Its goal is to understand effects of N application rate and timing on grain yield and quality. In 2019 the data from the four sites was affected by weather, disease and other factors.

 

Unfortunately, the trial at Scottsbluff was lost to hail damage. At Mead, increased N rates surprisingly did not result in gain in grain yield. This might be because of Fusarium Head Blight (FHB), among other factors. The severity of fusarium head blight is known to be higher in wheat fertilized with higher N rates. At Grant and Sidney, data suggests it is likely that grain yield can be improved with optimization of N rates and application timing. At Grant, precipitation was above-average from May through July, when the crop goes through tillering, booting, heading and flowering, increasing daily crop water use. This resulted in high yield across N treatments.

 

Grain quality analysis is yet to be conducted, but it is very likely that as in 2016 and 2017, grain quality would be affected by such a high yield, particularly at low N rate treatments. At Sidney as well, there was significant increase in grain yield with increasing N input. However, grain yield did not differ by application timing.

 

Selected grain subsamples from all four locations will be analyzed for selected end-use quality parameters on straight grade flour and whole-wheat flour, including protein (Leco), particle size distribution (whole wheat flour only), asparagine, and Mixograph at UNL Food Science lab in Nebraska Innovation Campus.

 

At all locations, post-harvest soil samples will be analyzed for residual mineral N, which will also shed some lights on yields observed in this experiment.

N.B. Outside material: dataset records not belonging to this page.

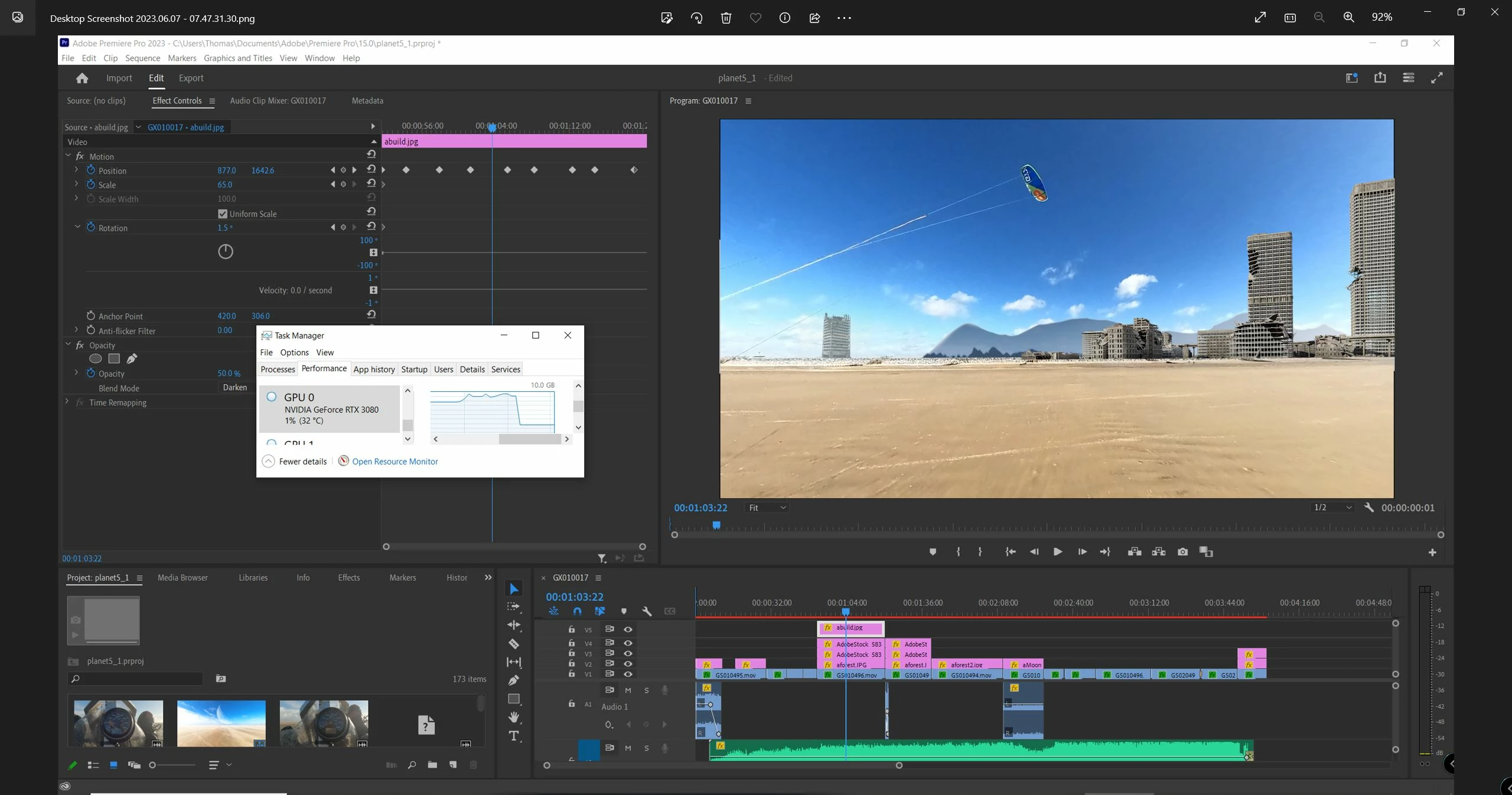 Open the Task Manager to monitor the GPU memory while editing your project.
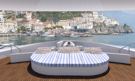 Since the yacht isn’t set for delivery until 2013, some interior features are yet to be determined. Even with that, however, expect things like fluted columns and raised-panel woodwork. In addition, the owners were absolutely certain of one thing: Flexibility in arrangements was a must. The owners may have just a few friends and family with them one week, for example, and then entertain big groups another week. Therefore, several spaces throughout the decks will be set up to transform according to need. Pantries will be on each deck, too, to make the crew’s job easier.
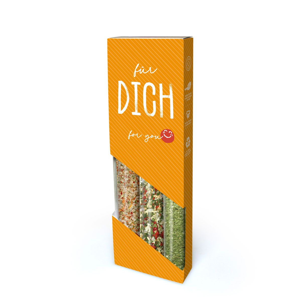 Ein herzliches Geschenk für jeden Anlass: Das 3er Set Gewürze „Für Dich“ von Rinama ist die ideale Wahl, um „Danke“ zu sagen oder einem Lieblingsmenschen eine Freude zu machen. Verpackt in einer fröhlichen, orangefarbenen Geschenkbox, enthält dieses Set drei vielseitige Gewürzmischungen in eleganten Glaszylindern, die in keiner Küche fehlen sollten.

It is likely that in years when there is abundant precipitation during fall and subsequent spring, soil N moves deeper into the soil profile, out of the root zone. That would suggest a potential benefit of split applications of N.

 

Data from this study also is suggesting that crop sensors can be effective in letting producers know whether additional inputs are needed during the growing season.

 

Data on vegetative indices obtained from hand-held and UAV (drone)-mounted sensors are being analyzed as well. The initial analysis results have shown significant differences in Normalized Difference Red Edge (NDRE) values among different N rates. Based on these results, the team will develop and share with producers crop-sensor-assisted, in-season N application algorithms to increase grain yield and quality.